• _WORK INSTRUCTIONS_: Starting at the line containing "Actuellement en offre" and ending at the line containing "Zinc Alloy Leather", print every line of the material below exactly, both ends included, and stop there.

• _RECORDED INFORMATION_:
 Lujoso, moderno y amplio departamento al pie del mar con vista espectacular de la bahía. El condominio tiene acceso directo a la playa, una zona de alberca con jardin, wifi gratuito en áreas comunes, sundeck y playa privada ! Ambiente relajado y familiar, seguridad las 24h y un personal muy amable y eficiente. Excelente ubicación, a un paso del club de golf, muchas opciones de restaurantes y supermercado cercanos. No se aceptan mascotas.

==

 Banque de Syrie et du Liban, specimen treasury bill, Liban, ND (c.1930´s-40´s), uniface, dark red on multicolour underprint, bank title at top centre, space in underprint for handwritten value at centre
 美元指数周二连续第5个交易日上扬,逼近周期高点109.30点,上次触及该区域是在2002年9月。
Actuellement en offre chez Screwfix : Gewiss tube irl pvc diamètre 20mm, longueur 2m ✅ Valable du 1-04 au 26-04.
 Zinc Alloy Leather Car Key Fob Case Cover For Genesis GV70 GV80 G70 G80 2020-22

• _EXERCISE RESPONSE_:
Actuellement en offre chez Screwfix : Gewiss tube irl pvc diamètre 20mm, longueur 2m ✅ Valable du 1-04 au 26-04.
 Zinc Alloy Leather Car Key Fob Case Cover For Genesis GV70 GV80 G70 G80 2020-22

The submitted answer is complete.